The first real stop on our half-day city tour wlas the Jumeirah Mosque.
It’s a beautiful building with tons of details and ornate decorations on the outside. It’s open to the public, including non-Muslims, to enter and to tour. There was already another group going inside, so we remained outside (in the sweltering heat!).
Our tour guide explained a little bit to us about how Muslims worship and some of their regular rituals when attending Mosque.
There was a beautiful little gazebo on the property and we were told it was a gathering point after services to visit in the shade.
There were also all these beautiful trees (and many others) around town. They’d obviously all been planted in the last few decades, as we were smack dab in the middle of a serious desert.
Many of them are actually date trees, as dates are a very popular food in the area.
The next (not really a stop but more of a drive-by) on our tour was the palaces of Sheikh Mohammad and Rashid Palace. Photography is not allowed near the compound, so I grabbed this quick photo through our windshield as we approached the guard shack. See the gun?
The one interesting thing that we did see on the “Palace Driveway” were dozens of peacocks.
Sorry for the big of blur, but they were in the shade. I’ve never been this close to one, especially some that were this big and so beautiful!
Next stop was Dubai Creek. This was a sleep, lazy little creek a few decades back, but the government did quite a bit of dredging (see Palm Jumeirah) and has made it much deeper, wider and more accessible for boats during high and low tide.
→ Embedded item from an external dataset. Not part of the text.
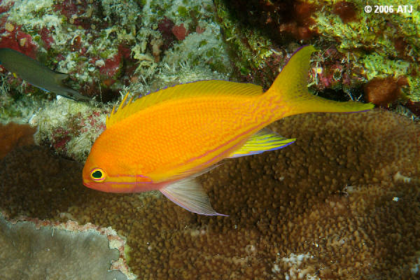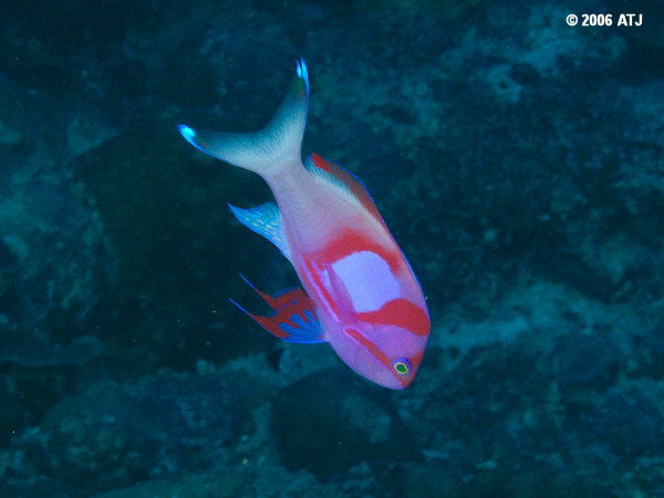 Female squarespot anthias, Pseudanthias pleurotaenia. 24.6 m. |

There are tons of tour boats and dinner boats like the one above that will cruise up and down the creek for your pleasure.
It’s a bit difficult to see, but there were a few big name, global corporations that had buildings or offices along the creek. These buidings seem so small and normal compared to the mega-structures everywhere else in Dubai. I think this is the “old” part of town
Next stop was “Old Dubai”. Anything more than 50 years old or so is considered “old” in these parts. Dubai was once a sleepy little port that was a rest places for traders and other merchants of the middle east.
It was neat walking through these old buildings and reminded me of wandering around the small alleys of Venice (minus the water!).
Many local artists and shopkeepers have made their stores in these old buildings, including some great art galleries with beautiful courtyards.
Next stop was the Al Fahidi Fort & Museum. It was (obviously) once a fort used to defend the very small city.
The inside area was full of interesting and informative displays- mostly about fishing and trade, showing how the city was once filled with desert nomads & how it has evolved.
My mom always tells me I don’t have enough “people pictures”, so I’ll throw one in of myself in front of the fort. I wasn’t sure of the proper clothing to go touring in Dubai, so I grabbed some lightweight pants & a lightweight long sleeve shirt over my top. I learned that Dubai, more so than other areas of the UAE, was very liberal with respect to clothing standards and moderate length shorts would have been fine.
Inside the museum, was a re-creation of a nomadic hut (house?) similar to the types used before skyscrapers. I really can’t imagine living out in those temperatures (regularly up to 110F in the summer), but they had devised this clever way to re-direct wind and funnel it into the house. It actually worked pretty well (provided there was a breeze).
The museum contained several displayed discussing the people and their culture- weapons and music. I was fascinated that they’d live in these thatched houses- wouldn’t the sand blow right through in a good sand storm?
GOOD NEWS OF THE DAY: Ahhhh! The weekend….we’ve got quite a few chores & catching up to do still, but it’s so good to be home!